### Assigned task
Reproduce every record verbatim but drop the pictures.

### Data excerpts

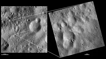 Cratere Vestane în diferite stări de degradare, cu canale în josul imaginii (6 august 2011)
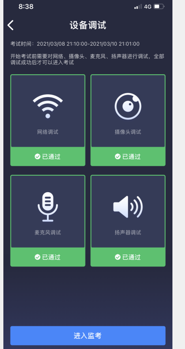 如人臉匹配成功,則可進(jìn)入考試。如人臉匹配不成功,會(huì)提示人臉匹配失敗,三次匹配不成功則自動(dòng)保存異常記錄,監(jiān)考教師會(huì)根據(jù)考生實(shí)際情況判定該生是否可以參加考試,此過(guò)程中考生須全程配合相關(guān)操作,否則不可參加考試。
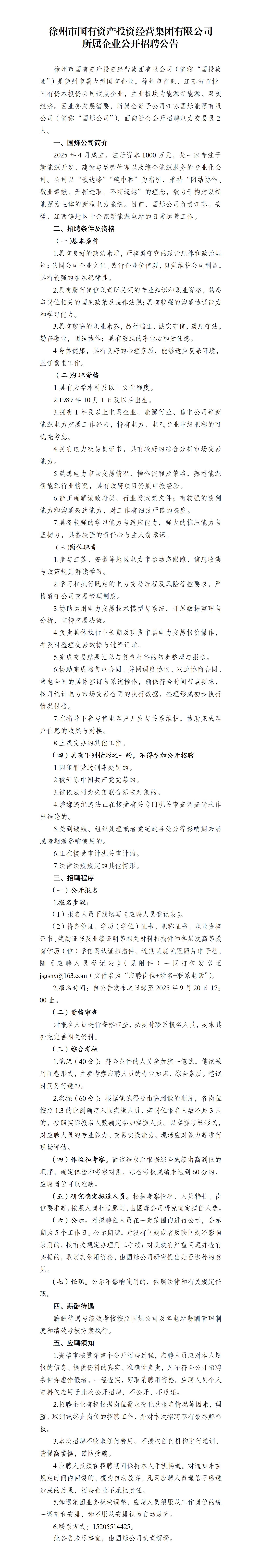 徐州市國有資產(chǎn)投資經(jīng)營集團有限公司所屬企業(yè)公開招聘公告
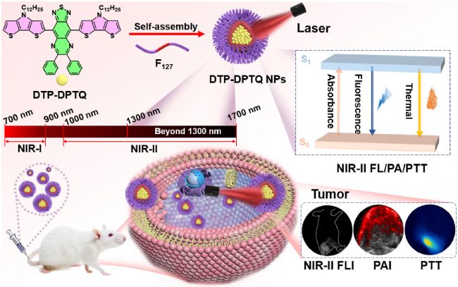 圖1. DTP-DPTQ的化學(xué)結(jié)構(gòu)、親水化處理以及近紅外II類(lèi)熒光/光聲雙模成像和光熱療法的示意圖
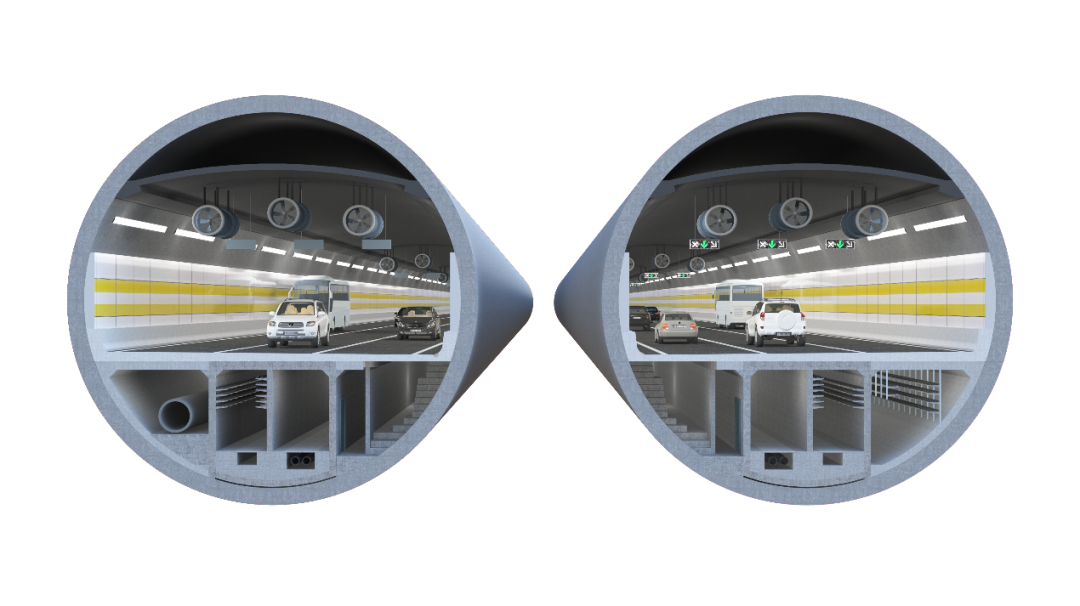 为减少市政管线过黄河成本,充分利用市政隧道下部通道资源搭载穿黄河市政管线,隧道下部预留穿黄河市政管线舱。同时,盾构段采用在车行道路面下设置逃生疏散楼梯与专用逃生救援通道(纵向逃生救援方案),并结合工作井设置车行横通道、明挖暗埋段设置人行横通道的纵向结合横向疏散救援的综合方案,形成可靠高效的疏散救援设施,确保运行安全。

######

### Response area
 Cratere Vestane în diferite stări de degradare, cu canale în josul imaginii (6 august 2011)
 如人臉匹配成功,則可進(jìn)入考試。如人臉匹配不成功,會(huì)提示人臉匹配失敗,三次匹配不成功則自動(dòng)保存異常記錄,監(jiān)考教師會(huì)根據(jù)考生實(shí)際情況判定該生是否可以參加考試,此過(guò)程中考生須全程配合相關(guān)操作,否則不可參加考試。
 徐州市國有資產(chǎn)投資經(jīng)營集團有限公司所屬企業(yè)公開招聘公告
 圖1. DTP-DPTQ的化學(xué)結(jié)構(gòu)、親水化處理以及近紅外II類(lèi)熒光/光聲雙模成像和光熱療法的示意圖
 为减少市政管线过黄河成本,充分利用市政隧道下部通道资源搭载穿黄河市政管线,隧道下部预留穿黄河市政管线舱。同时,盾构段采用在车行道路面下设置逃生疏散楼梯与专用逃生救援通道(纵向逃生救援方案),并结合工作井设置车行横通道、明挖暗埋段设置人行横通道的纵向结合横向疏散救援的综合方案,形成可靠高效的疏散救援设施,确保运行安全。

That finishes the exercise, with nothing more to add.